# Mixing different kinds of shrimp in same tank



## Chicago Jeff

Hello all. I am planning on getting a few Red Cherry Shrimp (or possibly other type) for a tank I am setting up and was wondering if I can mix other types of shrimp. Would there be a problem with them getting along? There are so many kinds of shrimp in many cool colors now on Aquabid and ebay. 
Thanks in advance .

Jeff


----------



## James He

If you don't worry about inter-breeding, you can keep most of them together in one tank.


----------



## armedbiggiet

Your shrimp going to be very bad looking as mix breeding like that you are going to end up alot of "no color shrimps" or just brown like back in teh wild form.


----------



## timbruun

When looking at shrimp it's best to look at the scientific name to find out if they will interbreed. Cherry which is a neocardina will interbreed with other neocardina but not with others generally. All the cardina interbreed also. I've got red cherry with green shrimp and they are doign great. They both require similar water parameters, as in GH, KH and pH. They also stay about the same size .


----------



## Chicago Jeff

Thanks all, maybe I'll stick to RCS's only.


----------



## Seattle_Aquarist

Hi Chicago Jeff,

Here is a really good compability chart that I like.


----------



## timbruun

Try this one. Alot more to it.

Click Here


----------



## Chicago Jeff

Thanks guys . That opens up another question regarding keeping shrimp and hoping that they *don't* crossbreed. I understand now that mixing shrimp may cause undesirable crossbred shrimp that may be, for lack of better words, ugly. If I were to keep shrimp that are proven *not* to crossbreed, and they got along, I could basically keep 2 or more types of shrimp in the tank? This would be for aesthetic purposes only.


----------



## timbruun

For sure. Like I said, I have cherries and greens in the same tank. The nice part is the green start breeding at a smaller size so you can get excited about that earlier on until the cherries start breeding. Ghost shrimp are known to be more aggressive and eat other shrimp young. Or can. Similar water needs and sizes would be great.


----------



## Scipio

timbruun said:


> When looking at shrimp it's best to look at the scientific name to find out if they will interbreed. Cherry which is a neocardina will interbreed with other neocardina but not with others generally. All the cardina interbreed also. I've got red cherry with green shrimp and they are doign great. They both require similar water parameters, as in GH, KH and pH. They also stay about the same size .

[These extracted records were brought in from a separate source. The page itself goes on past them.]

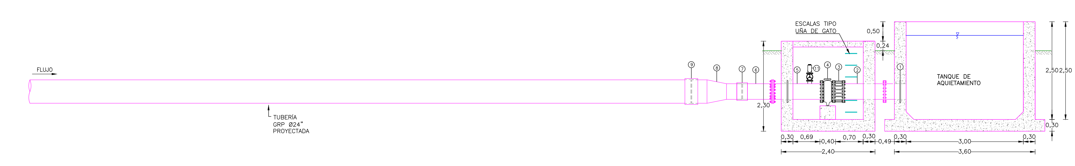
SECCIÓN A-A VÁLVULA DE LLEGADA PTAP ESCALA 1:50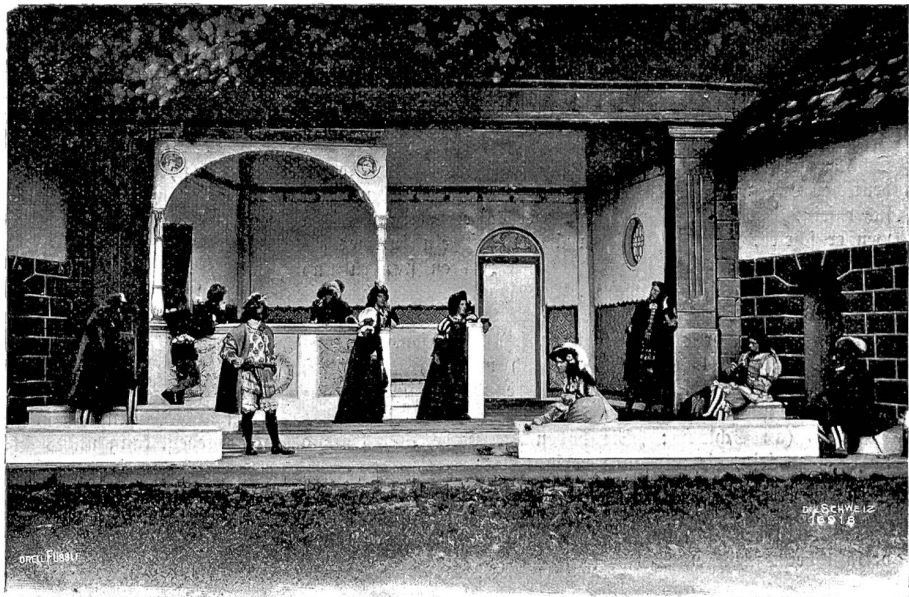
Goethes Götze von Berlichingen in Dießenhofen. Hoffzene mit Liebetraut im zweiten Akt (Mittelbühne).

Von Wieland, den der junge Goethe am Hofe von Weimar traf und den er bekanntlich in jugendlichem Uebermut beleidigt hatte, schrieb er 1770 an Erasmus Reich: „Nach Deser und Shakespeare ist Wieland noch der einzige, den ich für meinen echten Lehrer erkennen kann; andere hatten mir gezeigt, daß ich fehlte, diese zeigten mir, wie ich's besser machen sollte.“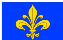
Flor de Lis

Representa N ª Sr a de Fátima, orago e topónimo de uma das freguesias de origem.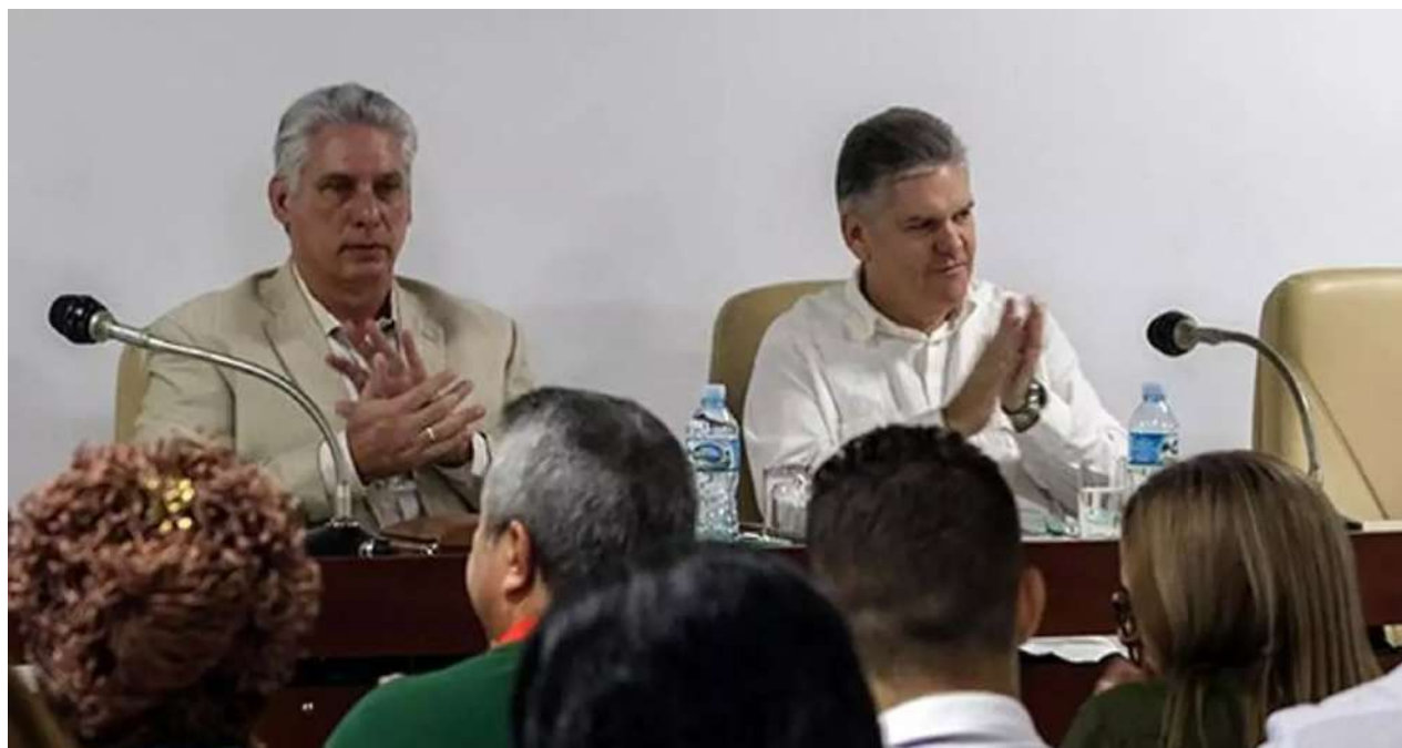
Miguel Díaz-Canel y Alejandro Gil, entonces ministro de Economía, en una imagen de 2019.

Not all Caridina will interbreed. I don't want to come off as rude but please make sure you do proper research as not to place misinfomation like this. There is already plenty if misinformation on this hobby here in the US and I'm sure you ment no harm.

The Malawa shrimp (Caridina pareparensis parvidentata) is not known to date to interbreed with any other Caradina. Amano shrimp (Caradina japonica) will not interbreed with other caridina. The Sri Lanka (Caridina simoni simoni) is another shrimp that at the moment is not known to interbreed with other caridina. The Red nose (Caridina graciliorostris) and the Malaya shrimp (Caridina sp.) are considered safe with most caridina. Caridina seems much to generalized.

Now Neocaridina is another thing.... most seem to be to willing to muddy up.

I personally have kept regular Tiger shrimps (Caridina cantonensis) with Green shrimps (Caridina sp.) for over a year with no interbreeding. And at the moment I have orange eye Blue Tigers (Caridina cantonensis) with Green shrimps (Caridinam sp.) and yet I still have no interbreeding.


----------